Interdisziplinär arbeiten
Aufgaben gibt es aber auch für Wirtschaftswissenschaftler bei der Erschließung neuer Märkte und im Vertrieb. Ingenieure, Informatiker und Statistik-Experten werden ebenfalls gebraucht. Für alle Fachrichtungen gilt: Bewerber sollten sich mit den Besonderheiten der Pharmabranche bereits beschäftigt haben und deren Entwicklung sowohl fachlich als auch wirtschaftlich beurteilen können.
Der Austausch mit Kollegen aus anderen Fachrichtungen ist für viele Einsteiger der besondere Reiz der Pharmabranche. In den Projekten arbeiten häufig Biologen, Chemiker, Toxikologen, Pharmazeuten und Mediziner interdisziplinär zusammen.

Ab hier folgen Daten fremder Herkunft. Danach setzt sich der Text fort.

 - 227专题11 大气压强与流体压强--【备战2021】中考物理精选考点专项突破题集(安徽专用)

Eine weitere Motivation, von der Hochschulforschung in die Industrie zu wechseln, ist die Möglichkeit, Ideen direkt in ein Produkt umzusetzen. Dass Projekte wegen Ressourcenknappheit vorzeitig abgebrochen werden müssen, ist hier nicht zu befürchten. Dafür zeigt spätestens der Markt, ob die Forschungsergebnisse ausgereift waren. Wichtig ist, sich schnell und immer wieder in neue Themengebiete und Teams einarbeiten zu können.

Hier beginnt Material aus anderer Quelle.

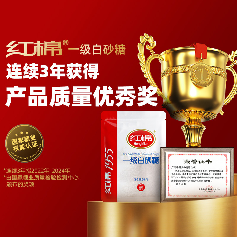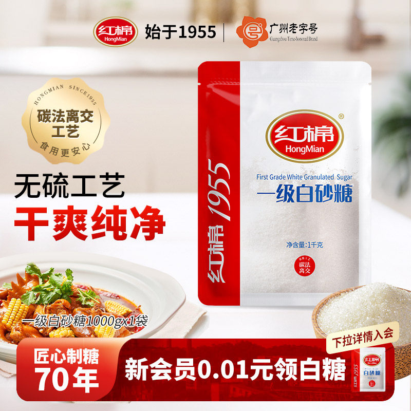 📚 红棉白砂糖2斤装甘蔗白糖官方旗舰店正品家用烹饪调味糖批发白糖

Wichtige Qualifikationen in der Pharmaindustrie
Markt und Forschung entwickeln sich rasant. Ein naturwissenschaftliches Studium allein bereitet deshalb nicht auf einen Job in der Branche vor. Bewerber punkten vor allem mit Praxiserfahrung aus dem Pharmabereich, bei der sie schon Fähigkeiten als Teamplayer und Führungspersönlichkeit bewiesen haben. Auch gute Sprachkenntnisse sind wichtig. Die meisten Unternehmen operieren global, und die Konzernsprache ist häufig Englisch.

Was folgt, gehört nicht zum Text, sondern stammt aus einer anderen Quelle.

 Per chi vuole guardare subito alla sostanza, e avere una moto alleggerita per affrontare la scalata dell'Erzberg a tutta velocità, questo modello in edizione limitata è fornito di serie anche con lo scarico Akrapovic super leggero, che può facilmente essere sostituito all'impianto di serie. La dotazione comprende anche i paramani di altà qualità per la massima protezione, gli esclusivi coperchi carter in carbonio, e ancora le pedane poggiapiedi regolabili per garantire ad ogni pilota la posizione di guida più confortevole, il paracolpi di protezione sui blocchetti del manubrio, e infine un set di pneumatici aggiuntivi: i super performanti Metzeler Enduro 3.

In Gesundheitspolitik auskennen
Gefragt sind außerdem ökonomische und gesundheitspolitische Kenntnisse. Zu aktuellen Themen der Gesundheitsbranche und Gesetzesänderungen sollten sich auch Naturwissenschaftler im Vorstellungsgespräch äußern können. Kein Wunder, denn die Entwicklung eines Medikaments kann bis zur Markteinführung mehrere hundert Millionen Euro verschlingen. So manches spannende Projekt wird in der Pharmaforschung wegen mangelnder Wirtschaftlichkeit gestoppt.